By Fabio Teixeira, Anastasia Moloney and Oscar Lopez

Huddled over sewing machines in their cramped homes in Mare, a sprawling complex of favelas in Rio de Janeiro, about 50 women are on a mission to make two free face masks for each of the area’s 140,000 slum residents within the next two months.

The women – the majority of whom lost their jobs to the coronavirus pandemic – watched videos on how to make face masks and are being paid above the market rate, said Andreza Lopes, who coordinates the project for the nonprofit Redes da Mare.

“Almost half of the women in Mare are financially responsible for their homes,” Lopes, 32, said over the phone, adding that the project is backed by three Brazilian banks.

“Now they are very happy, and grateful to be working on something that has a higher purpose.”

The project is one of dozens of initiatives taking place in shanty towns across the region – from Brazil to Venezuela, Colombia to Mexico – as poor communities come together to help the most vulnerable during the pandemic.

Latin America is emerging as the new epicenter of the novel coronavirus outbreak.

The respiratory disease is spreading quickly through the region, claiming the lives of more than 31,000 people and infecting more than 570,000, according to a tally by the World Health Organization (WHO).

Across Latin America and the Caribbean, about 113 million people – nearly one in five – live in slums, where health experts say COVID-19 infection rates tend to be higher due to poor nutrition, cramped housing and ill health.

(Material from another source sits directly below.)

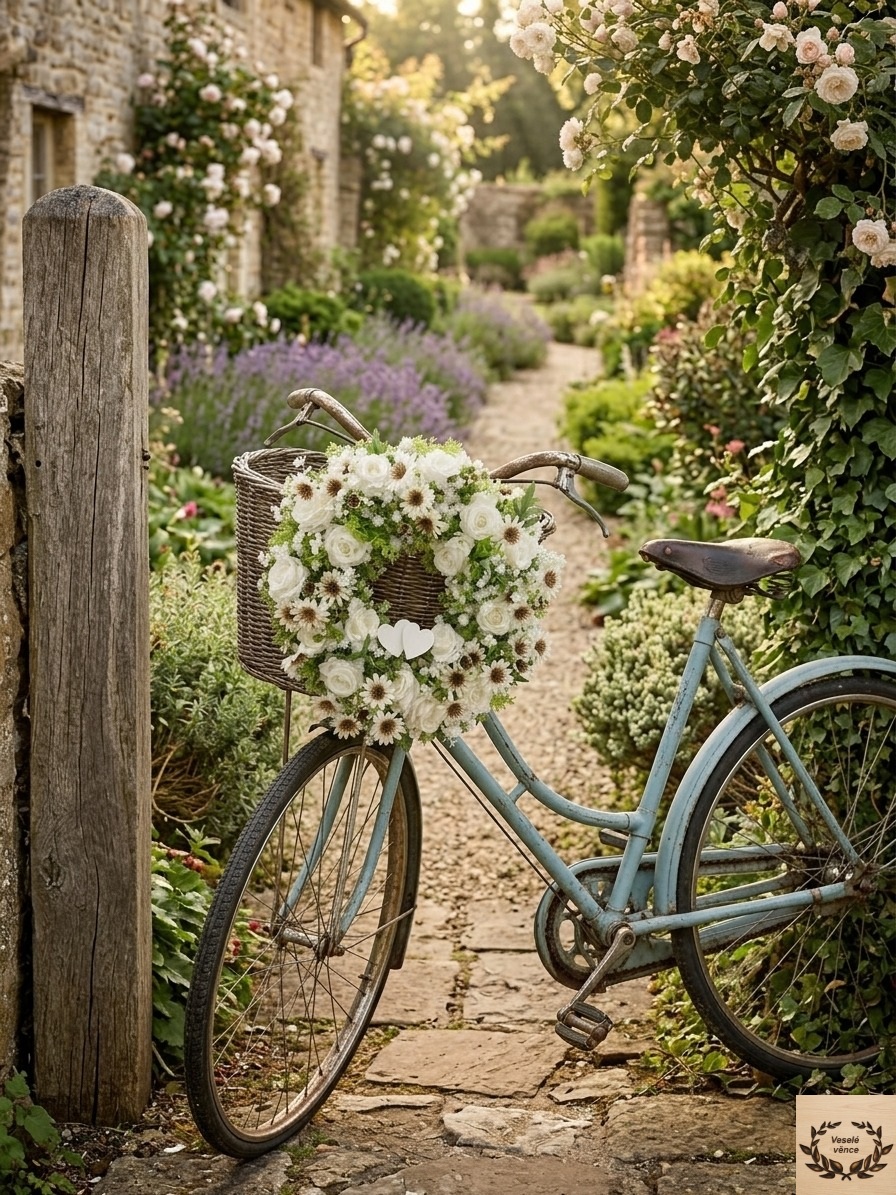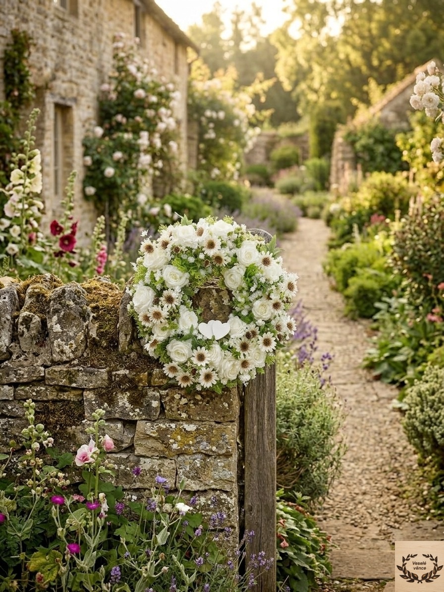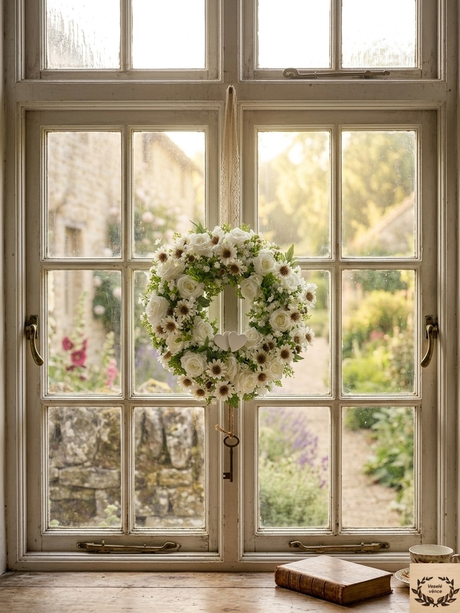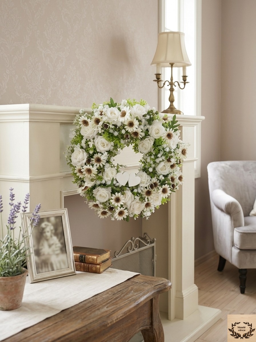 Celoroční ručně zdobený věnec na šedém proutěném korpusu o průměru 30cm s dekorací 33cm. Věnec je osazen drobnými zeleno-bílými lístky, zelenou a bílou gypsophilou v kombinaci bílých květů růžiček a čekanky. Doplňkem věnce jsou bílá dřevěná srdíčka. Materiál umělý, látkový a dřevěný.

But many slum dwellers say they have received little or no government aid to help them cope with the economic and health fallout, leaving them to fend for themselves and community leaders to fill the gaps.

“It’s a very tragic situation right now … nothing significant is being done by the state,” said Alessandra Orofino, head of the Brazilian nonprofit Nossas, which works in favelas and creates technology tools for social movements.

A spokesman for Brazil’s health ministry did not reply to a request for comment.